Importance of Consistent hashing concept for system design interviews
Consistent hashing is a technique used in computer science for partitioning and distributing data across multiple servers in a way that is both efficient and fault-tolerant. It was first introduced in a 1997 paper by David Karger, Eric Lehman, Tom Leighton, Matthew Levine, Daniel Lewin, and Rina Panigrahy.
The basic idea behind consistent hashing is to map each item to a point on a circle, with the circle representing the range of all possible hash values. Each server is also represented by a point on the circle, and the items are assigned to the server whose point is closest to their own point on the circle.
This has a number of advantages over other methods of partitioning data. First, it allows servers to be added or removed from the system without needing to reassign all the data. Because the points on the circle represent a range of hash values, each server is responsible for a range of items, rather than a fixed set of items. When a server is added or removed, the items that were previously assigned to it are simply redistributed to the nearest server(s) on the circle.

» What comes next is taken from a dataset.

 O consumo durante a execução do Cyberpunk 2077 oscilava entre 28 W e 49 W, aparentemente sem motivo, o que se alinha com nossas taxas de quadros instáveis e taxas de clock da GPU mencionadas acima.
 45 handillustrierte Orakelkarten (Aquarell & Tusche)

Another advantage of consistent hashing is that it is fault-tolerant. Because each item is assigned to a particular point on the circle, if a server goes down, only the items that were assigned to that server need to be redistributed. This means that the system can continue to function even if some servers are temporarily unavailable.
Recommended by LinkedIn
Consistent hashing is used in a number of distributed systems, including content delivery networks, distributed databases, and peer-to-peer networks. One example of a system that uses consistent hashing is Amazon's DynamoDB, a highly scalable and available NoSQL database.

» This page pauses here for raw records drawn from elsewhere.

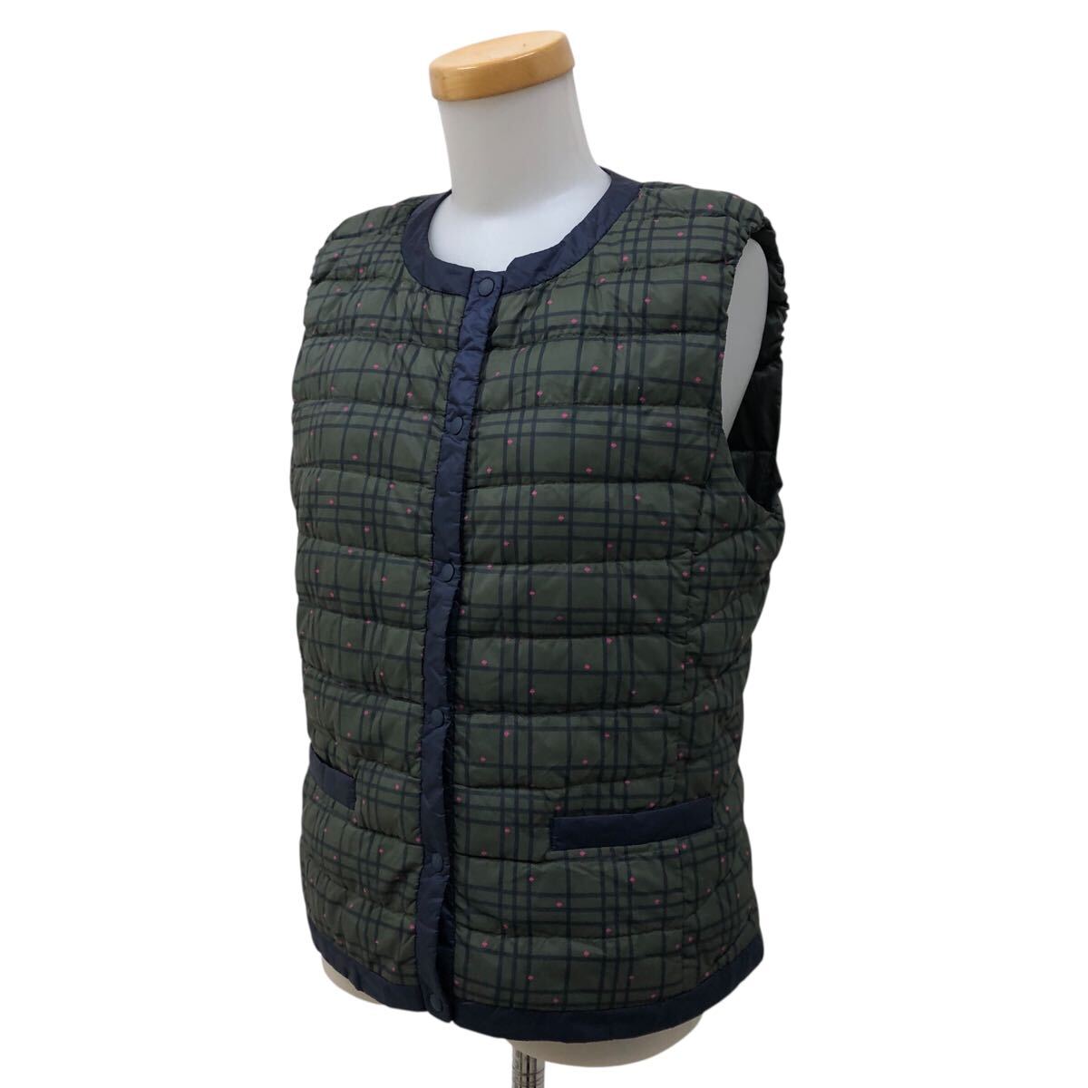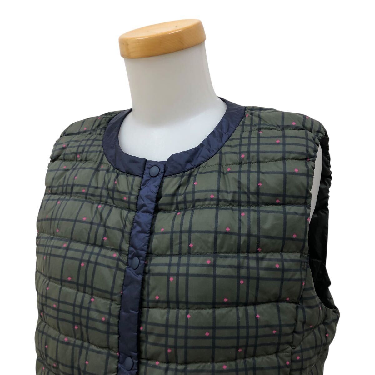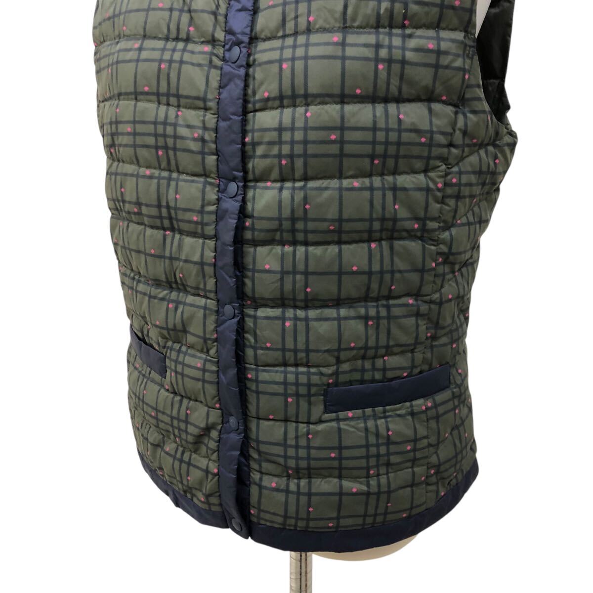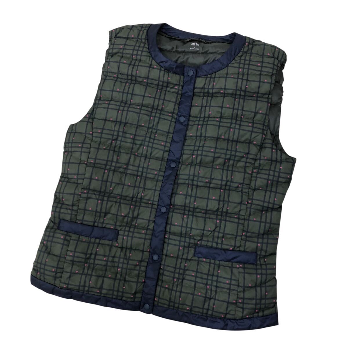 9NK004-15 UNIQLO ユニクロ ウルトラライト ダウン 90% ジャケット 上着 羽織り トップス アウター ベスト 総柄 カーキ レディース 女性用 L
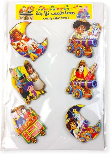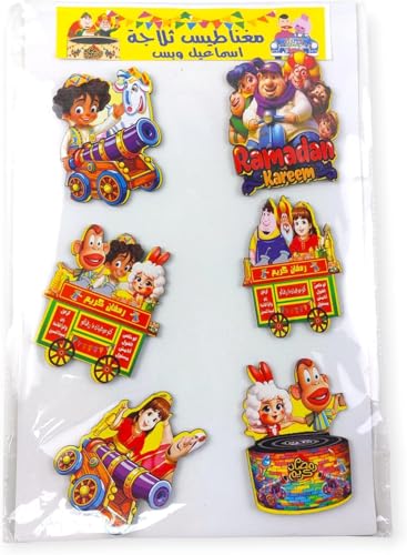 generic - مجموعة من 6 قطع - ديكورات رمضان مغناطيسية للثلاجة بتصميمات شخصيات شهيرة زينة رمضان مغناطيسية للثلاجة - تصميمات شخصيات رمضان الشهيرة - قابلة لاعادة الاستخدام للثلاجة والابواب - 6 قطع
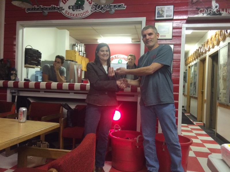 Nov 6 2017 the club members gathered to make another donation to support Camp Easter Seal. Current club president Bob Gawdun presented $35,000 on behalf of the Draggins Rod & Custom Car Club to Martie Hayden of SaskAbilities. She expressed their appreciation to the club & had some interesting comments that she delivered from special young people attending camp last summer.

Consistent hashing is not without its drawbacks, however. One challenge is deciding how many points to assign to each server on the circle. If there are too few points, some servers may be overloaded, while others are underutilized. If there are too many points, the system may become too complex and difficult to manage.

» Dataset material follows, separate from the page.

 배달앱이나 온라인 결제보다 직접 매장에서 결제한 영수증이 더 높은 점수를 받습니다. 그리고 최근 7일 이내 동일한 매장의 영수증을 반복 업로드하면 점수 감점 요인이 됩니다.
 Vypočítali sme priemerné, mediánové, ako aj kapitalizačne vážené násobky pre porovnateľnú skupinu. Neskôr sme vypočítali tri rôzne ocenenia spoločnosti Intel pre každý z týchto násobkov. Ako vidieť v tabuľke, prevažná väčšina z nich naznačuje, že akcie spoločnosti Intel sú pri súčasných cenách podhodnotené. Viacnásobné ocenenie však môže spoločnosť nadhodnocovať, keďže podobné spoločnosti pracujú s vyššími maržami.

Overall, consistent hashing is a powerful technique for partitioning and distributing data in a distributed system. By mapping items to points on a circle and servers to points on the same circle, it provides a way to efficiently and fault-tolerantly distribute data across multiple servers. As distributed systems become increasingly important in the world of computing, consistent hashing will likely continue to play an important role in ensuring their scalability and reliability.